╭──
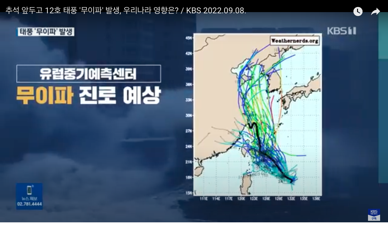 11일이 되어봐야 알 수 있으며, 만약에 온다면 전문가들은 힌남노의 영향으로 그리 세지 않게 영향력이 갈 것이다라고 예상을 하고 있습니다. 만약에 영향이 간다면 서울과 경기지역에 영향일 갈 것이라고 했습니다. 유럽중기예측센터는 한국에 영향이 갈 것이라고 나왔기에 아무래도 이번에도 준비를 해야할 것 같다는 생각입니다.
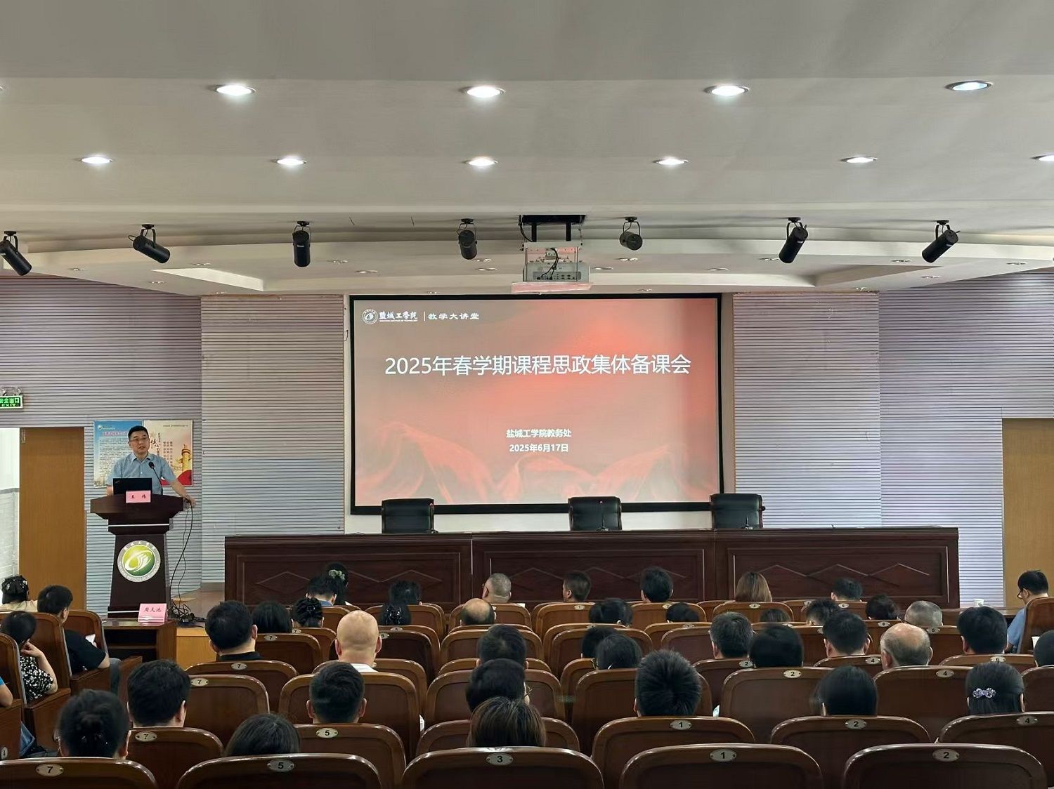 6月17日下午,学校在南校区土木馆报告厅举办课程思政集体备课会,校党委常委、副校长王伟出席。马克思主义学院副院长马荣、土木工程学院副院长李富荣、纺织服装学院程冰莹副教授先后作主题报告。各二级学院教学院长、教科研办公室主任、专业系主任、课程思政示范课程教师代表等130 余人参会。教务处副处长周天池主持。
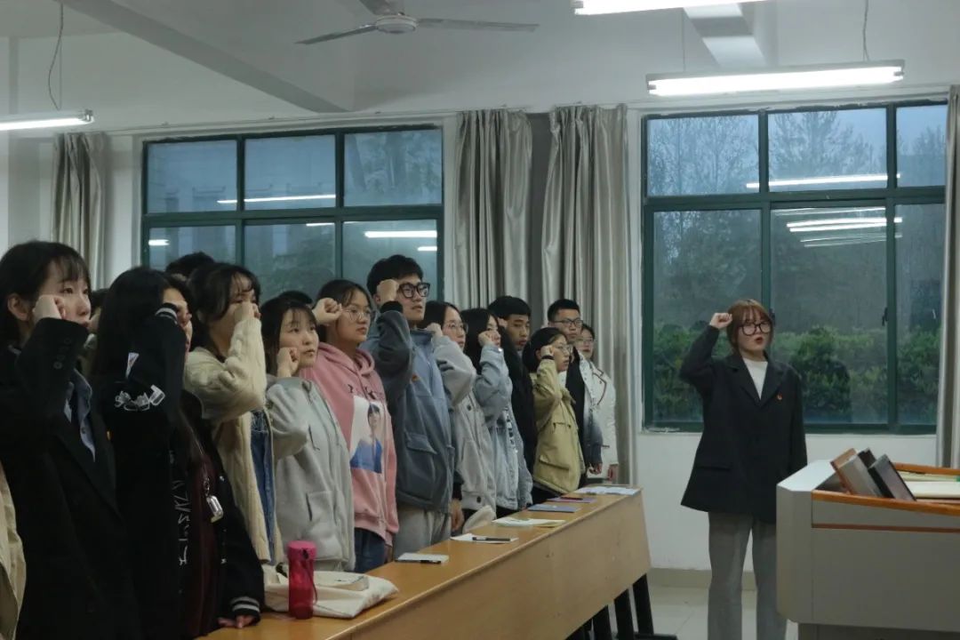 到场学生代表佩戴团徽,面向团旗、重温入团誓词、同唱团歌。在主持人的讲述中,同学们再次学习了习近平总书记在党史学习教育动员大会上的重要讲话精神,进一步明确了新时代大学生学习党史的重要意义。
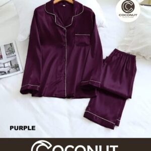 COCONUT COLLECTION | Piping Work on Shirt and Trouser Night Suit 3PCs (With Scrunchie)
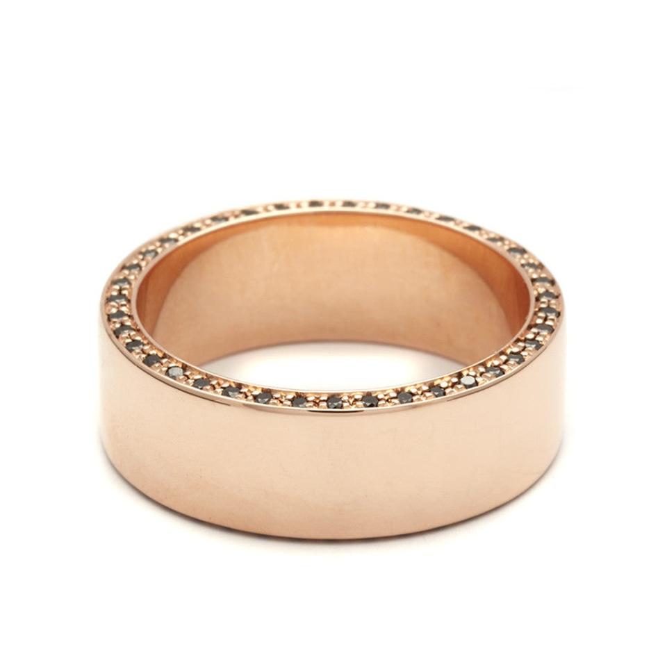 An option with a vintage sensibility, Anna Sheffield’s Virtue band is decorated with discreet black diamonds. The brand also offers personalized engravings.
╰──
╭──
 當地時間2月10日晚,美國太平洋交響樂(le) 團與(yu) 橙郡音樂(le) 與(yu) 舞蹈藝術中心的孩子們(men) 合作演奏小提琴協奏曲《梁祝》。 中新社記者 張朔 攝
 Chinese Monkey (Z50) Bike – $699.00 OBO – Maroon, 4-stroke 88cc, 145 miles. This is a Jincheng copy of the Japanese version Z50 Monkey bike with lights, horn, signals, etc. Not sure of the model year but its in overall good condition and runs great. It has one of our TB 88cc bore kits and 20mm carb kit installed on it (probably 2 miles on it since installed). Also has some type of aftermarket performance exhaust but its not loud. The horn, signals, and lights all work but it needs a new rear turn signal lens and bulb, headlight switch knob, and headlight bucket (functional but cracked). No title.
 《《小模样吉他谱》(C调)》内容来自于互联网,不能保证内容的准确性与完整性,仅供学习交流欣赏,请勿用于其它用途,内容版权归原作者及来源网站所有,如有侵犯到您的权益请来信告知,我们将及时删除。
╰──
╭──
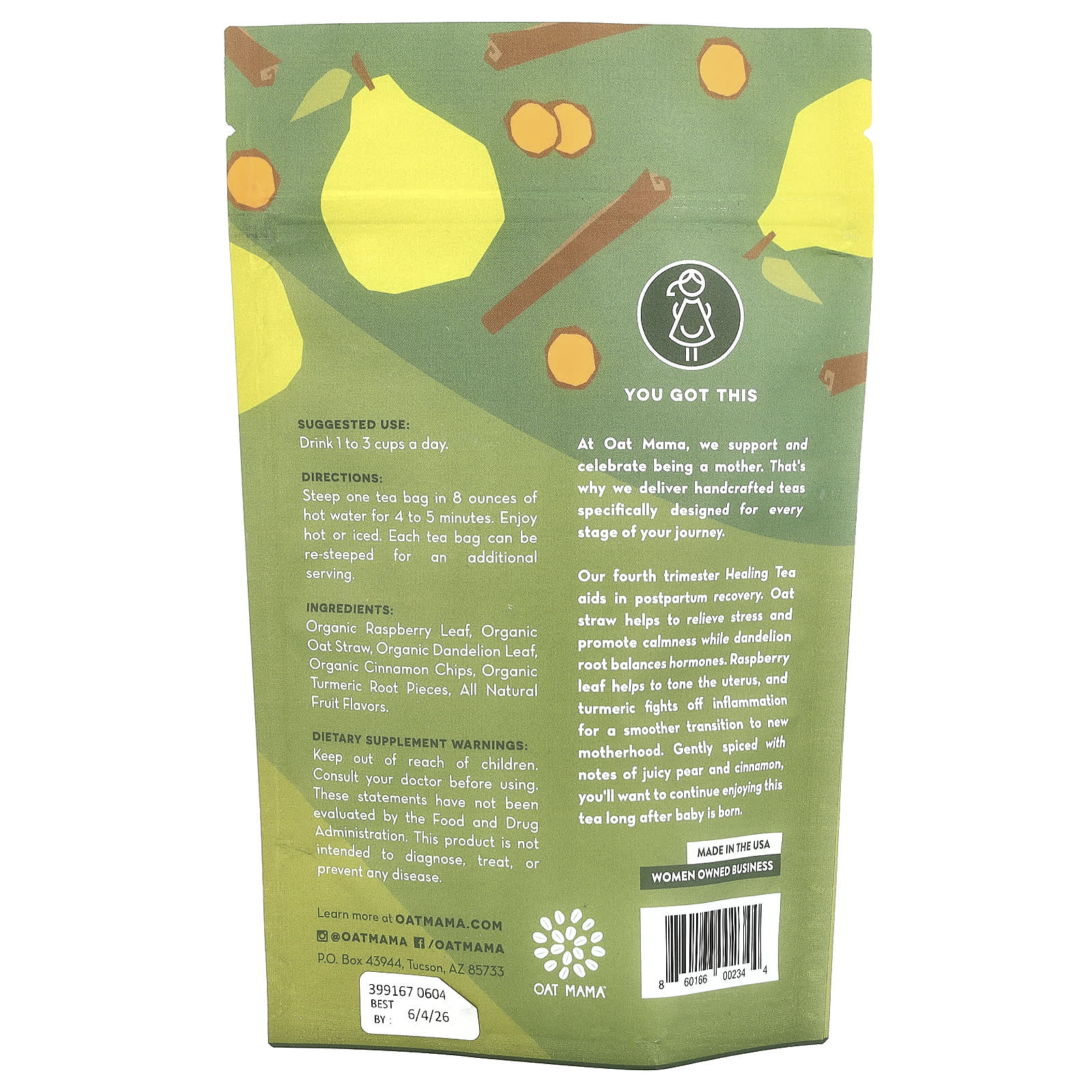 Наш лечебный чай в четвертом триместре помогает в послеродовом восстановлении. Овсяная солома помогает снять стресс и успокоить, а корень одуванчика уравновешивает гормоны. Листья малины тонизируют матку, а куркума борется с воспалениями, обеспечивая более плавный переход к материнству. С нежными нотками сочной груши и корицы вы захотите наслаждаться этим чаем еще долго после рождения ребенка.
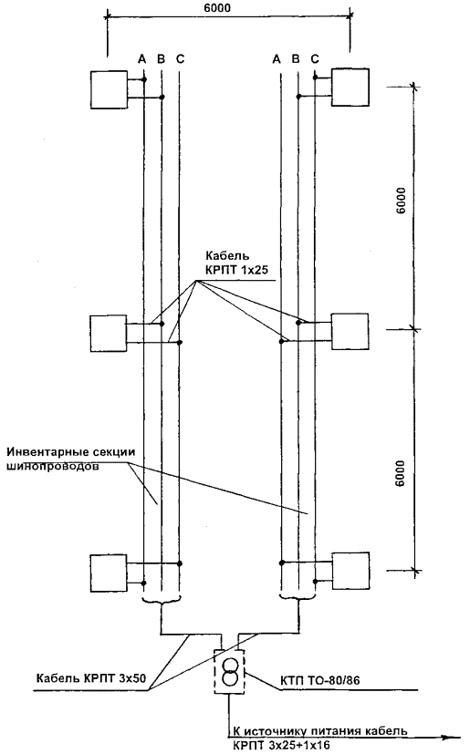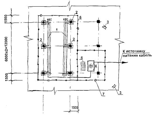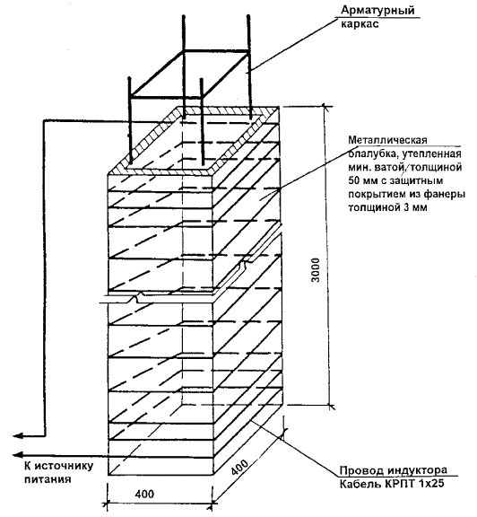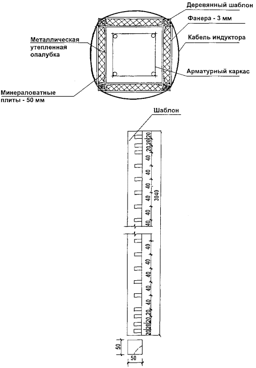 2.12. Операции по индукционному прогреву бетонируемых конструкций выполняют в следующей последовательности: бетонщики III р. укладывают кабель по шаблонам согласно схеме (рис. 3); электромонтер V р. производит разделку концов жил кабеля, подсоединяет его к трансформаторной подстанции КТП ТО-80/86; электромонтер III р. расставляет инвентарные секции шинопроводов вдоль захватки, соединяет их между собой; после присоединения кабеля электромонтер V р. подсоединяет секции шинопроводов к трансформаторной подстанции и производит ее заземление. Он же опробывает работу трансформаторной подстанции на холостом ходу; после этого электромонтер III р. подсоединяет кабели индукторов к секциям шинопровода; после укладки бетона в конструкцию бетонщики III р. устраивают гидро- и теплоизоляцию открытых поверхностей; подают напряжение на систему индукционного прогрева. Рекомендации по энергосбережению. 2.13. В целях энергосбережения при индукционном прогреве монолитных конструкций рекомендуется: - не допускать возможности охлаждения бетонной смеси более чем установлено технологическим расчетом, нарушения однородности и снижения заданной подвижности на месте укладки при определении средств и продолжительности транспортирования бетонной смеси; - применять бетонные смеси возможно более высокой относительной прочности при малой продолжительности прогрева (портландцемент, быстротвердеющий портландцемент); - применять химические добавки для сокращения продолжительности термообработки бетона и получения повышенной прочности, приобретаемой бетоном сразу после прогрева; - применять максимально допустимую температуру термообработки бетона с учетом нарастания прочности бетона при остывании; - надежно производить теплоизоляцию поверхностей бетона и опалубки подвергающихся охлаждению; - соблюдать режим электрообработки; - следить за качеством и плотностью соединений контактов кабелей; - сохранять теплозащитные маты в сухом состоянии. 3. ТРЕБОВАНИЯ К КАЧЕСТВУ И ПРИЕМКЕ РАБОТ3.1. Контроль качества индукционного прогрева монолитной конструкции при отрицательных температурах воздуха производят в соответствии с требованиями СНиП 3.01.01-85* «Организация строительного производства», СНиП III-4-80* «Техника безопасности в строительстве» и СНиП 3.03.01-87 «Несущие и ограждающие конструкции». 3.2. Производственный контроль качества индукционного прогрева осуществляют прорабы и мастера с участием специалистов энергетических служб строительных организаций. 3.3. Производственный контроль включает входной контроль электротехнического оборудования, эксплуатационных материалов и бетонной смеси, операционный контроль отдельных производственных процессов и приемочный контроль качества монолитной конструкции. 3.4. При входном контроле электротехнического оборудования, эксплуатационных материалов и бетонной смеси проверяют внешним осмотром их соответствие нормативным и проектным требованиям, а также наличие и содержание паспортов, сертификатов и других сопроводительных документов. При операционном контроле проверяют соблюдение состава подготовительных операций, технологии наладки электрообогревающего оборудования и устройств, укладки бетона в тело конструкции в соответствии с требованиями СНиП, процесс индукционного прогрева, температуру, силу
╰──
Exactly the lines above from the one that contains "6月17日下午,学校在南校区" down to the one that contains "An option with" are to be output, both ends kept and pictures omitted.

_Task answer:_
 6月17日下午,学校在南校区土木馆报告厅举办课程思政集体备课会,校党委常委、副校长王伟出席。马克思主义学院副院长马荣、土木工程学院副院长李富荣、纺织服装学院程冰莹副教授先后作主题报告。各二级学院教学院长、教科研办公室主任、专业系主任、课程思政示范课程教师代表等130 余人参会。教务处副处长周天池主持。
 到场学生代表佩戴团徽,面向团旗、重温入团誓词、同唱团歌。在主持人的讲述中,同学们再次学习了习近平总书记在党史学习教育动员大会上的重要讲话精神,进一步明确了新时代大学生学习党史的重要意义。
 COCONUT COLLECTION | Piping Work on Shirt and Trouser Night Suit 3PCs (With Scrunchie)
 An option with a vintage sensibility, Anna Sheffield’s Virtue band is decorated with discreet black diamonds. The brand also offers personalized engravings.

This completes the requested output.